Known Modi Baiters! Bharat Karnad (Extreme Left), Defence Analyst Ajai Shukla, Jairam Ramesh (Congress Party Leader), Yashwant Sinha (BJP Rebel) and Shivshankar Menon (Extreme Right in the pic) Former Foreign Secretary & NSA at the book launch

A new book by Bharat Karnad, India’s foremost old school strategic expert, rips apart Prime Minister Narendra Modi for targeting Pakistan while surrendering the country’s sovereignty to the US and kowtowing to China.

Staggering Forward: Narendra Modi and India’s Global Ambition, published by Penguin Viking, runs into 475 pages of independent and dispassionate analysis of India’s overlapping foreign and defence policies handled exclusively by Modi and a few ideologically fired advisers since May 2014 when the Bharatiya Janata Party (BJP) grabbed the reins of power in New Delhi.

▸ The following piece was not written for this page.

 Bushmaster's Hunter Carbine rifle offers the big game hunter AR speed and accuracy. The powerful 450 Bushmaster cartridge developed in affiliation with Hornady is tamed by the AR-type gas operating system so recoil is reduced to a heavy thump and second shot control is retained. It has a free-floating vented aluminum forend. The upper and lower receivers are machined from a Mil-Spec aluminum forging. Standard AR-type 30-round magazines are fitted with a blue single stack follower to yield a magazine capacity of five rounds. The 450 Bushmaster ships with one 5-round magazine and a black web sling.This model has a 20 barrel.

The hardback is a delight to read since other books on India’s external relations post 2014 are fawning accounts by toady favor seekers. Their writings are strikingly similar to the sycophantic stories most correspondents and editors of top Indian newspapers and magazines regularly dish out extolling Modi.

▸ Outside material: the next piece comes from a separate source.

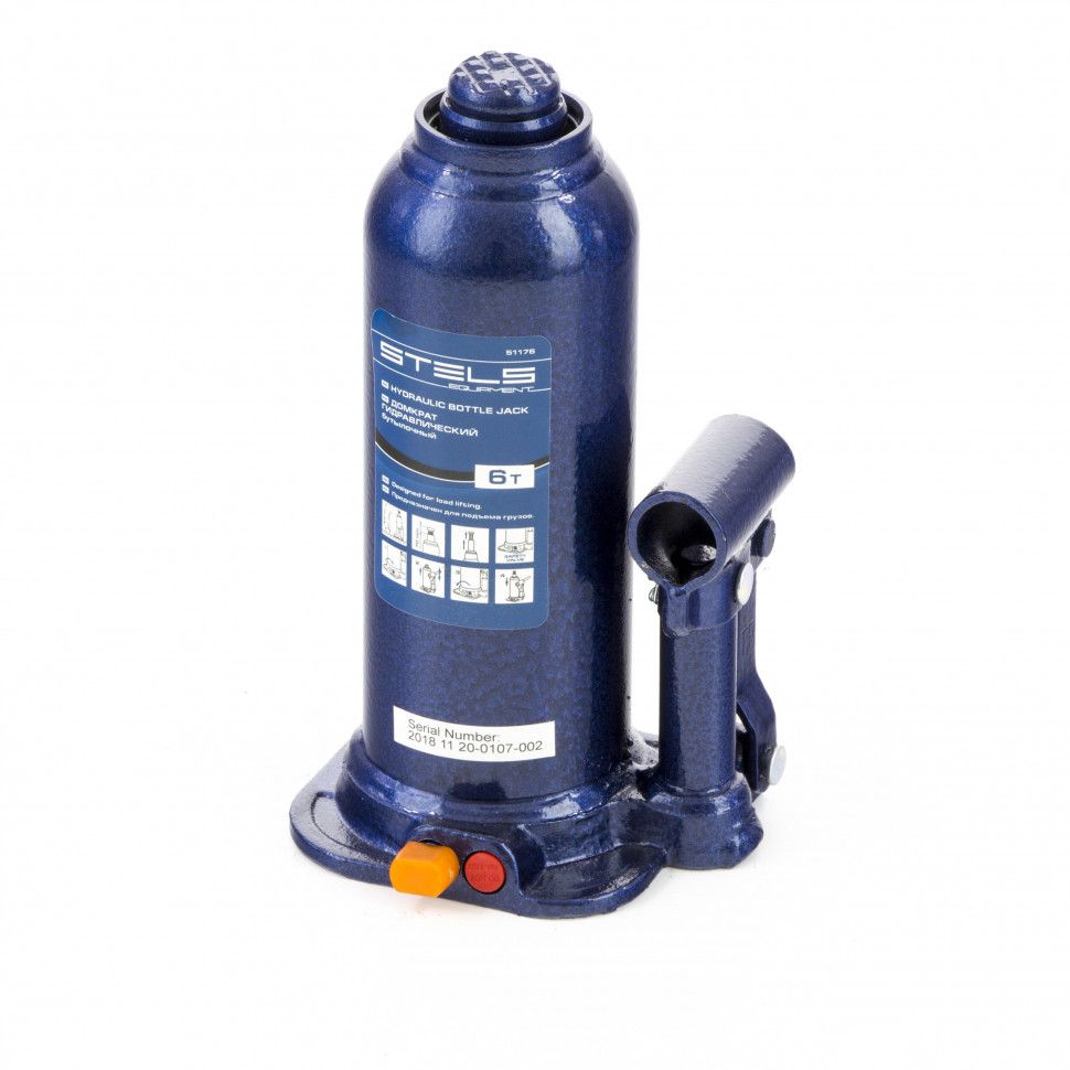 Гидравлический домкрат STELS с клапаном безопасности предназначен для подъема груза массой до 6 тонн.

But servility is alien to Karnad, Senior Fellow in National Security Studies at the Centre for Policy Research, New Delhi, and author, among other books of, Nuclear Weapons and Indian Security: The Realist Foundations of Strategy, India's Nuclear Policy and most recently, Why India is Not a Great Power (Yet).

Ruthlessness Uncoils

According to Karnad, “Modi is concentrating on the smaller Pakistan while giving the more dangerous and challenging China a free pass. His ruthlessness uncoils only against a weak and enervated Pakistan, on the one hand, and his domestic political opponents on the other.

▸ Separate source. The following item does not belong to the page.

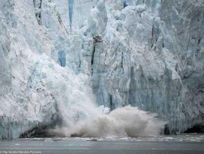 Hot coffee and the comfort of new friends warmed us on the bow early on this chilly morning. Cameras softly clicking, we waited in blue light alongside immense tidewater ice flows. Both the Margerie and Johns Hopkins glaciers splashed great chucks of compressed snow from their faces while “white thunder” (a Tlinget description of that powerful cracking sound) reverberated across the fjords. Steep rock walls composed of exotic terranes offered rugged views. Hanging blue ice and huge waterfalls colored by glacial sediments dominated while here and there among the rocks and trees were red and yellow hues, a sure reminder that the season is turning to fall here in the far north.

One wishes he had shown as much ferocity to China and in furthering India’s national interests and strategic security”.

“To remain distracted by Pakistan is the surest guarantee of India never making it as a great power. If Pakistan weren’t there we would have to invent it!”

Bharat Karnad is outspoken and devastatingly critical of Modi’s handling of India’s foreign policy.

“Candidate Modi roared like a tiger, as Prime Minister he has been a purring kitten when dealing with big cats. He is showing himself as a pussycat abroad, traipsing around in the company of big cats, taking care he gives no offence to them.”

In the chapter on Adversarial Geopolitics, Karnad scathingly writes that having been groomed by the RSS which is “disciplined and hierarchically structured”, “Modi is reflexively deferential to the US and China and their heads of government, Trump and Xi, acknowledging them and their countries as India’s and his superiors in the rank ordering of nations and leaders.

“This attitude is reflected in his foreign policy based on giving minimum offence to these two countries, as also in his respectful and placatory behaviour where Trump and Xi are concerned. This fits in nicely with Trump’s and the US’s idea of their exalted place under the sun, and it confirms to the Confucian notion of order ‘under the heaven’”.

‘America’s Satellite’

Karnad writes that Modi’s India has become America’s satellite “because serving senior Indian civil servants and military officers are suborned, in the main, by offers of ‘green cards’, work visas, and ‘scholarships’ for their progeny. It constitutes the new set of inducements to sell the national interest down the drain; secret offshore bank accounts are passe’.”

“The trouble is Modi’s tilt is less strategic than aspirational. His apparently unconditional love and admiration for America and his subaltern thinking have together imposed a low ceiling on India’s ambition. This explains why he has tolerated personal slights, from denial of US visa when he was Gujarat chief minister to, as the New York Times reported on 2 September, President Donald Trump making fun of him by frequently mimicking his accent in internal White House discussions.”

“That Modi is willing to swallow such insults is his business. Preventing the erosion of India’s sovereignty, national interest and security are the Indian people’s concerns.”

Imran Khan’s Offer

Karnad is of the opinion that New Delhi must accept Imran Khan’s offer to fast-track trade relations between India and Pakistan. At present, direct trade is measly because of hostility between the two nations but indirect trade through third countries is 10 times more. Karnad is advocating immediate formalising of the informal trade.

Within days of his book’s launch, Karnad said: “Presently Indian consumer goods of all kinds – marked for export to Dubai on merchant ship manifests – are offloaded with the same ships anchoring outside the immediate Karachi waters. The annual loss of revenue to the Pakistan exchequer from this informal channel is in billions of dollars. It is money the Tehreek-e-Insaf party government can use to fulfil its election promises in the social welfare sector.”

Karnad wants India to quickly reciprocate Khan’s initiative to boost trade by “adopting a facilitative mindset, initiating enabling measures, clearing lines of credit, approving banking channels and preemptively easing the processes of encouraging commerce” to break the dangerous sub-continental deadlock.